Many companies are being proactive, reasoning that it is healthy for both the environment and business. Indeed, the pressure to address global warming has influenced the public and private sectors to come up with solutions — not just feel-good ideas but ones that cut emissions using the latest technologies and market-based strategies.
"This is one milestone in our long-term strategy to help create a business environment where renewable energy is more economically feasible and therefore, the choice alternative for individuals and businesses," says Marty Sedler, director of global utilities for Intel in Arizona. In the case of Intel, it has made the largest single voluntary purchase of renewable energy credits ever, representing 1.3 million megawatt-hours (MWh) of electricity. This transaction is like taking 185,000 passenger vehicles per year off the road. Or, stated differently, the company has purchased enough electricity to power more than 130,000 average American homes annually, all according to the U.S. Environmental Protection Agency.
A study by EcoSecurities and ClimateBiz surveyed 65 multinational corporations and found that 43 percent of them had already implemented an existing carbon management strategy, with another 34 percent of those organizations saying that they are in the process of developing one. When asked what types of carbon offsets they preferred, nearly all of them said such energy efficiency measures as insulation and changing light bulbs are the easiest to implement. They also referenced the buying of renewable energy and the capping of landfill projects.
Taking steps to become more energy efficient is one way to reduce carbon footprints. Buying carbon offsets and renewable energy credits is another. The goal is to make drastic cuts in heat-trapping emissions. Businesses could choose, for instance, to place a tent over their landfills and then funnel their methane emissions to a central outlet.
Companies such as New York-based Hess Corp. are then selling credits to those commercial and industrial companies that want to participate.
But a challenge that Hess and others now face is verifying the authenticity of the credits that they sell. In other words, buyers must not only be able to accurately measure and value their carbon emissions but they also need to know that their credits are being dedicated solely to their operations — and not recycled back into the marketplace.
To this end, the businesses that buy and sell emissions credits can have their enterprises given the stamp of approval by outside auditors.

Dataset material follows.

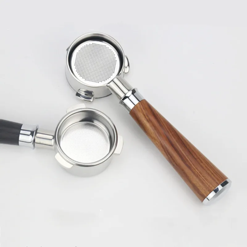 The M10 Coffee Portafilter solid wooden handle, offering a comfortable grip and enhancing the overall user experience.
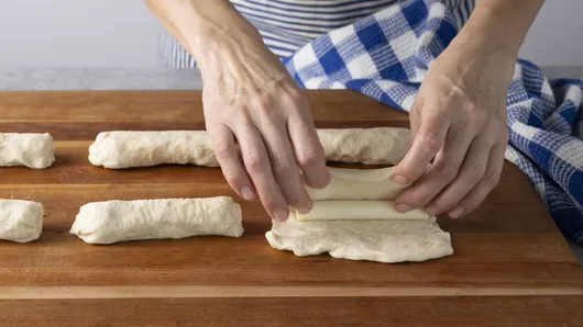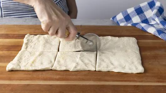 Cut the dough in half, then crosswise into six rectangles. A pizza cutter, kitchen shears, or sharp knife all work well to cut the dough.

Consider Hess, which calculates its customers' carbon emissions and then purchases the necessary offsets: Its offering has met the standards set by the Center for Resource Solution's Green-e program that vouches for the credits it offers.
According to the center, the growth in the voluntary credits market is a strong indication that electricity consumers want more of their power to be generated by renewable energy and that they are willing to pay a small premium for such guarantees. The purchase of certified credits and offsets further stimulates this market, it adds, ensuring that more green energy projects get built.

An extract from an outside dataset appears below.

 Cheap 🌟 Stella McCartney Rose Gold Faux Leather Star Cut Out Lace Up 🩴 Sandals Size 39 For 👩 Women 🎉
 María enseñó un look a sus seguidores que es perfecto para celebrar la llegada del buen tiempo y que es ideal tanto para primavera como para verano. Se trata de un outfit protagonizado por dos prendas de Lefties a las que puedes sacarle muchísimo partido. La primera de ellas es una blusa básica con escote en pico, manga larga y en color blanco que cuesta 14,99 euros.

The center estimates that compliance markets account for two-thirds of the credits sold while voluntary ones make up the rest. Of that voluntary segment, it says that it validates about 60 percent of the credits sold. Altogether, it says that roughly 260,000 residential customers and 10,000 commercial customers across the United States and Canada purchased Green-e Energy Certified renewable energy.
While Intel topped the list this year, PepsiCo was the biggest patron of renewable energy certificates in 2007, the EPA says. It had a total purchase of over 1.1 million MWh, representing 100 percent of its total electricity use.
"Our mantra is transparency," says Jeff Swenerton, communications director for the Center for Resource Solutions in San Francisco. "We make sure utilities as well as carbon offset providers and the independent renewable energy credit sellers open up their books to independent auditors. We monitor the chain of custody for these offsets and certificates until they get to customers. They are then retired. Customers rely on us to ensure they are getting what they have paid for."
With pressure mounting to do something, other companies such as Cisco, DuPont, Honda, Johnson & Johnson, Kodak and Wells Fargo are keeping tabs on their emissions and are promising to make significant cuts in them. All are part of EPA's effort to cut greenhouse gas emissions. To succeed, the agency says that they are using a combination of renewable energy certificates, on-site generation and utility green power products.
U.S.-based businesses are leading the charge in the effort to curb heat-trapping emissions. Through the use of offsets and credits, many of them are facilitating the use of green energy and thereby reducing the nation's carbon footprint. In the process, they are endearing themselves to the broader public and perhaps to state and federal agencies that may soon mandate cuts in greenhouse gases.